1. The unconscious was invented to relieve the hysteric of the noncongruence between excitability and cognition. By way of this “other scene,” the nontime of the drive is metabolized into representations and primary processes, still outside time but able to be formulated in temporal conscious representations. This always incomplete translatability invites us to understand Freud’s sentence, “Hysteria is linked to the place,”28 not only as a dependence on home, landscape, and setting, but on the maternal place, which is a place of passion. Now consider how Freud’s sentence resonates with this one by Joyce: “Father times, mother spacies.” Here, the space of passion (of the primary maternal) turns into the memory of the species, ontogenesis into phylogenesis. In short, hysteric temporality encourages us to reformulate the unconscious—beyond the timeless drive and its semiotic and sensorial offshoots—by including the prepsychical.

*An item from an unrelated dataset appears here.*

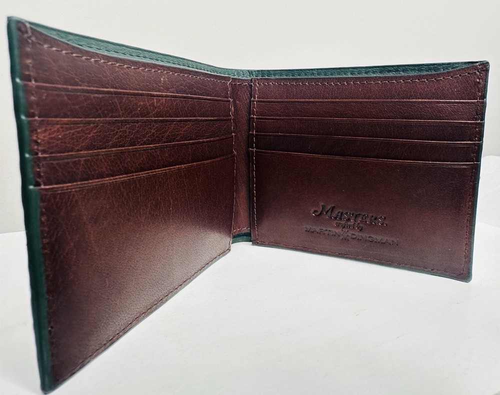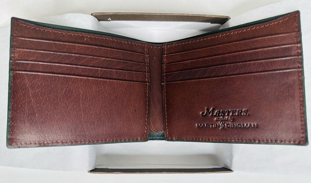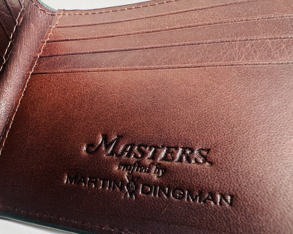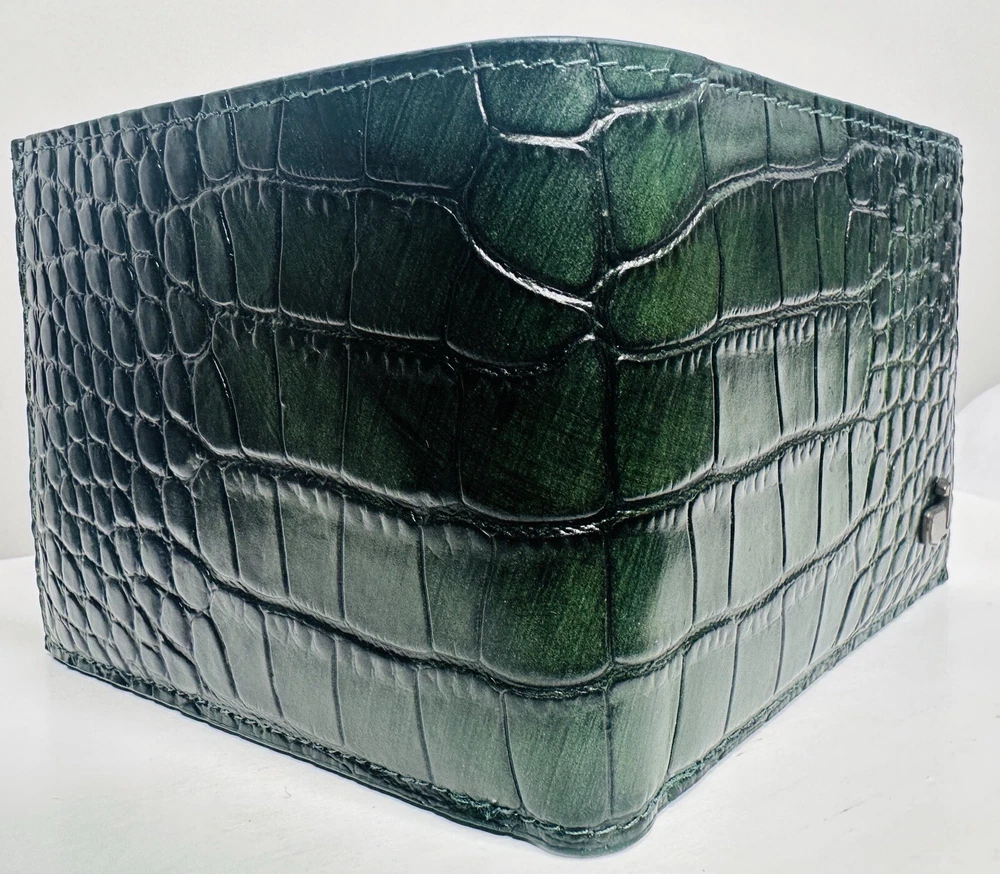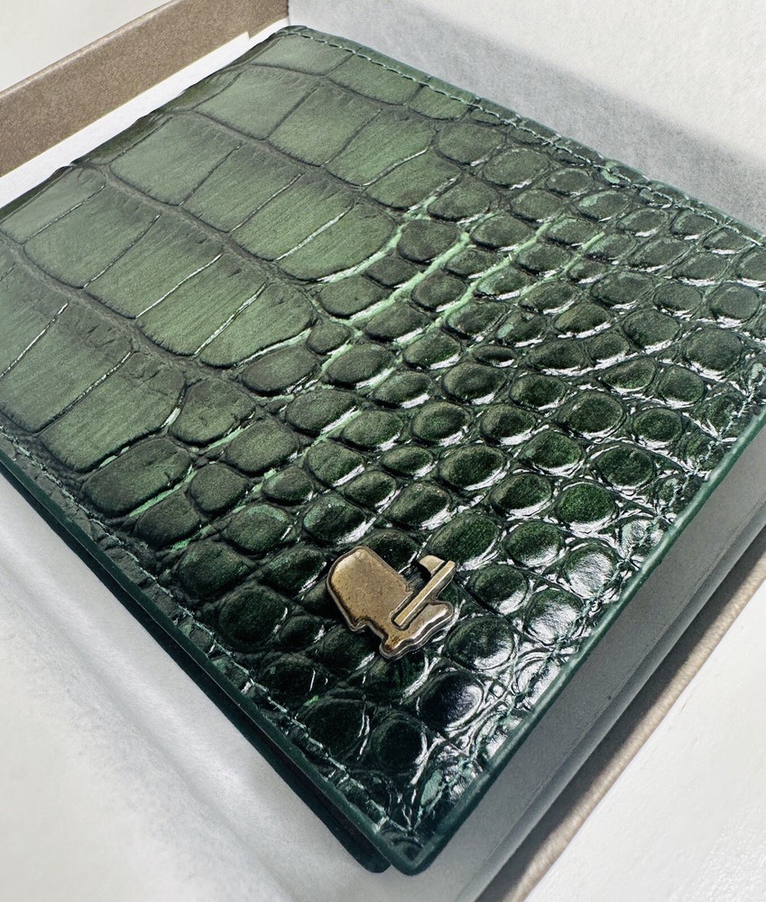 This Martin Dingman Design Masters 2024 Wallet Collection is a must-have for any stylish man. The wallet features a unique green alligator grain material and a sleek bifold design. It also includes several card holders and a folding feature for added convenience. The wallet is adorned with the Martin Dingman logo for a touch of sophistication. The wallet is perfect for any occasion and is a great addition to any outfit. Its metal theme and durable material make it a reliable choice for everyday use. Whether you're going out for a night on the town or just running errands, this wallet has got you covered.

In other words, by listening to hysterical time and other contemporary clinics, a contemporary version of the unconscious appears to be emerging that includes the prepsychical and even Being.29 Far from being the hysteric’s trick of recovery in transference with the master-analyst, this unconscious augments the hysteric, just as the monster characters at the end of Proust’s Time Regained are augmented: the outsize temporalities that are in play create monstrous intimacies. Moreover, and symmetrically, if the analyst’s listening were to be placed in the vortex of this hysterical temporality, the analyst would run the risk of dissociative states. And access to this mad passion that is absorbed, with the serenity due to philosophy, by calling it Being.
 
2. I have naturally wondered if my personal interest in the crazy link to the crazy mother did not come from the fact that I was spared this configuration, “in favor,” dare I say, of another, destabilizing in other ways: a mother neutralized by her latent phobia and, in addition, split in two, indeed, three, by a lineage of matrons (grandmothers, great-aunts, and so on) in the image of Santa Maria Metterza in the painting by Leonardo analyzed by Freud. To have been satisfied and frustrated by not one, but two or three possible mothers, I am probably impressed by the frightening impact of unique “ruthless love.” As a result, I am among those who consider the emphasis on “the primary maternal” an excessive return of the deus ex machina—when not the goddess-mother—in psychoanalysis. If I have resorted to it, however, it has been to point out that this archaic maternity is not the absolute cause in the ultimate anthropomorphic representability adjoining the other side: the prepsychical/biological. By coming up against the real mother and the phantasm of the phallic or anal mother, hysterical time leads us to the coexcitation of the two primary protagonists. Moreover, beyond their passion, hysterical time leads us to the strictly inhuman components of this excitation. I understand this “passionate primary maternal” in the pure sense Freud attributed to the concept of “metapsychology”: it is the ultimate irrepresentability. Didn’t Freud write to Fliess that he was looking for “a biological—or rather metapsychological—” solution (emphasis mine), the synonyms biological and metapsychological contrasting with the “psychological” solution brought about by “the theory of wish fulfillment”?30
Though forged in transference by the speech of free association, a temporal action, hysteria defies it and checkmates the end of analysis, perhaps even “analyzability,” in a different way than psychosis.Knowing this, the analyst does not disavow metapsychology or the clinic for all that. To those who worry about the end of History, we can say that, since his pact with hysteria, Freud opened another temporality: that of the spacing of Being in the event, which, for the analyst, is nothing other than passionate madness. “Dissociative states” like conversion, scenes, passivations, and other components of the hysteric syndrome testify to the fact that, while threatening desire, thought, and time, it is indeed this madness, not to be confused with psychosis, that constitutes the secret motor of the human condition. Having led Freud to invent the unconscious, hysteria reminds us that the madness of this unconscious can never be explored enough.